Omit pictures and quote the listing below line by line, from its start through the line that holds "Tensor tubular inoxidable".

*** Opening of Source material ***

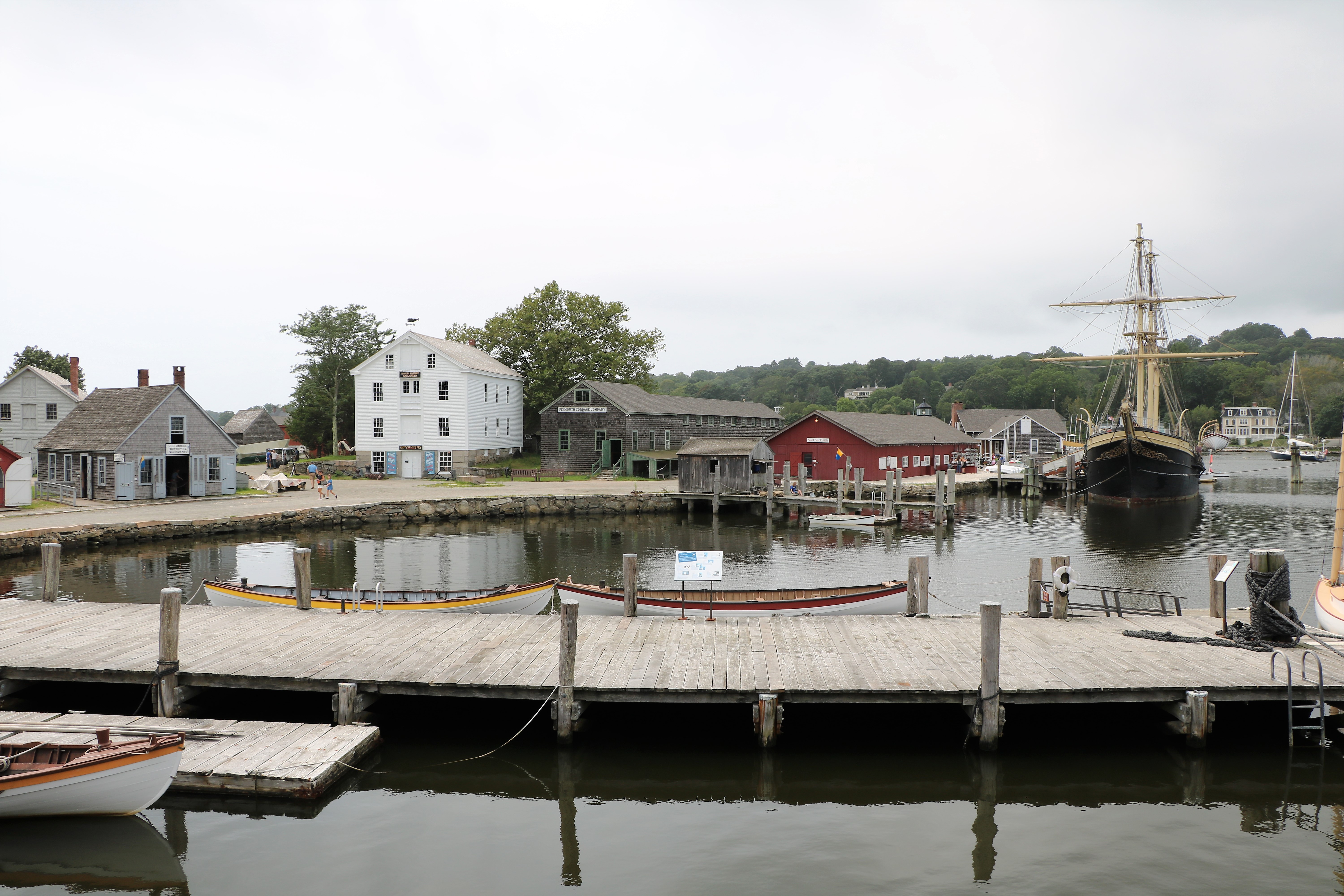 The ship above is Mayflower II, a replica of the original Mayflower that the Pilgrims sailed on. It was built in 1956 and usually is on display in Plymouth, Massachusetts as part of the museum, Plimoth Plantation. It was at the Mystic Seaport Museum being restored in their working shipyard.
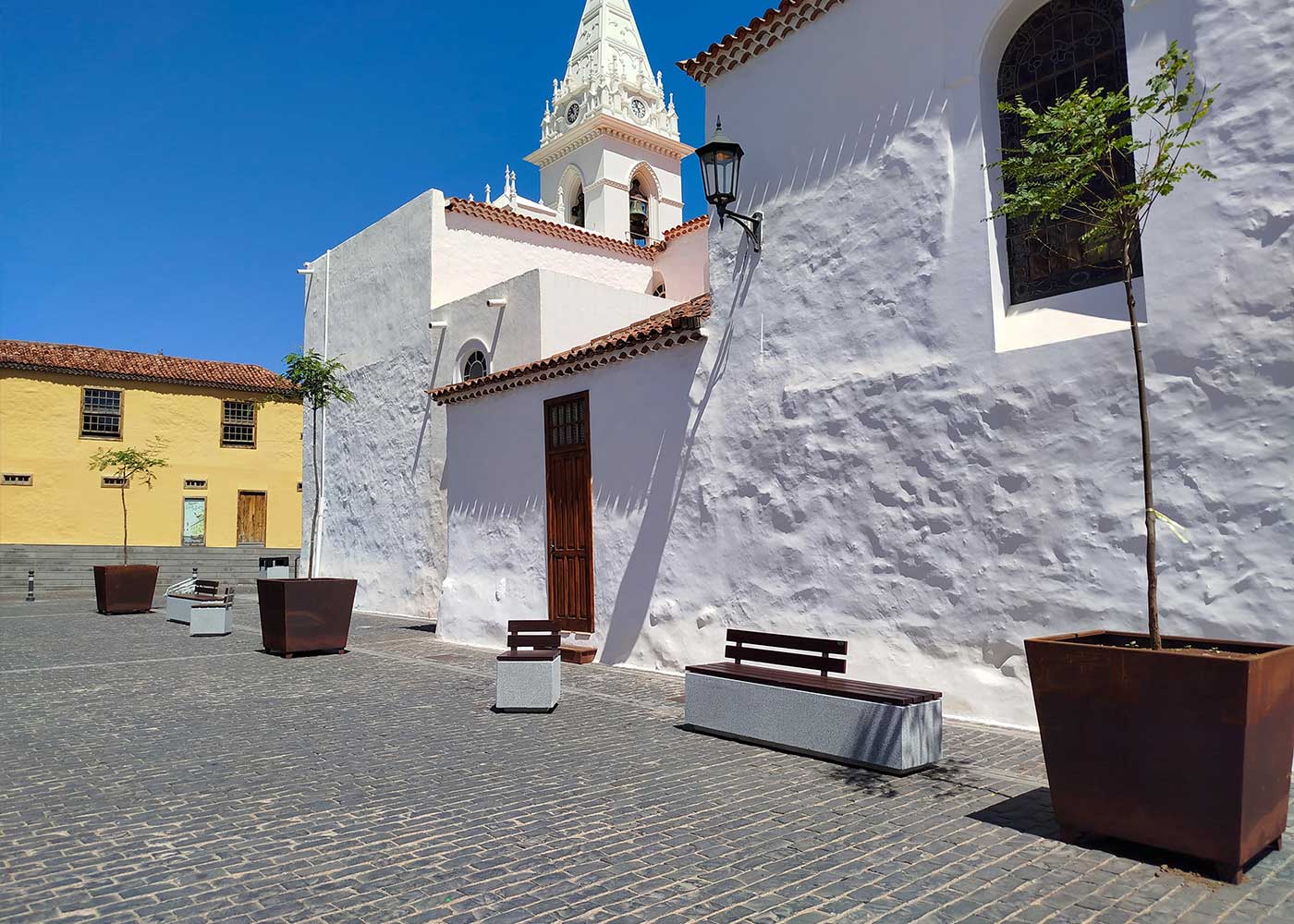 Renovación de la plaza de la iglesia de Los Silos con bancos y sillas Kube Plus, jardineras NER y pilonas Trajana, integrando diseño resistente en un entorno histórico.
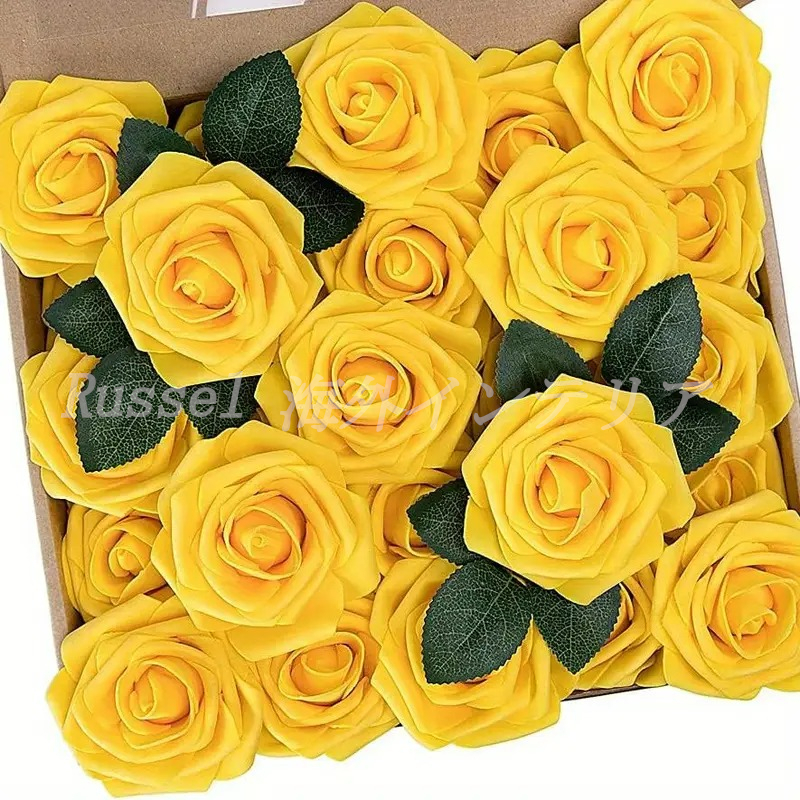 > フェイクフラワー 薔薇 造花 25本セット エレガント イエロー 黄色 人工 お洒落 デコレーション インテリア おしゃれ アレンジメント 4-7
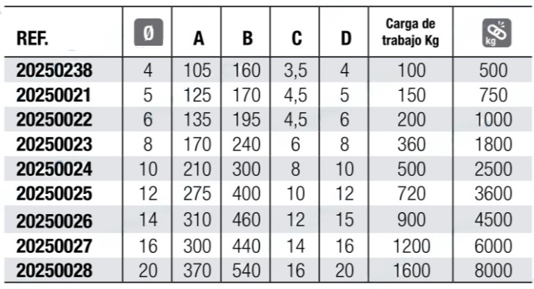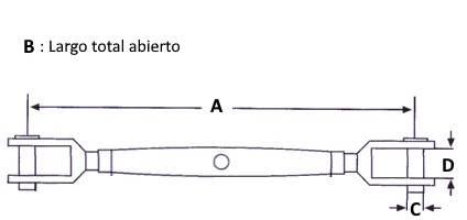 Tensor tubular inoxidable 316 de doble horquilla y anillas de seguridad.
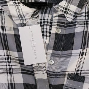 Only M left! ◽️A pretty spin on the classic plaid button down blouse - PERFECT for Fall 🌻🌻🌻Black/gray/white blouse in a sleek flowy material, tie front, hi lo hem. High quality, luxurious, premium label. A classic blouse that never goes out of style. 100% rayon. I am modeling S. S chest 20.5", M 21", L 21.5". Wearing with my Rosé Jeans.

*** Close of Source material ***

→ Your solution
 The ship above is Mayflower II, a replica of the original Mayflower that the Pilgrims sailed on. It was built in 1956 and usually is on display in Plymouth, Massachusetts as part of the museum, Plimoth Plantation. It was at the Mystic Seaport Museum being restored in their working shipyard.
 Renovación de la plaza de la iglesia de Los Silos con bancos y sillas Kube Plus, jardineras NER y pilonas Trajana, integrando diseño resistente en un entorno histórico.
 > フェイクフラワー 薔薇 造花 25本セット エレガント イエロー 黄色 人工 お洒落 デコレーション インテリア おしゃれ アレンジメント 4-7
 Tensor tubular inoxidable 316 de doble horquilla y anillas de seguridad.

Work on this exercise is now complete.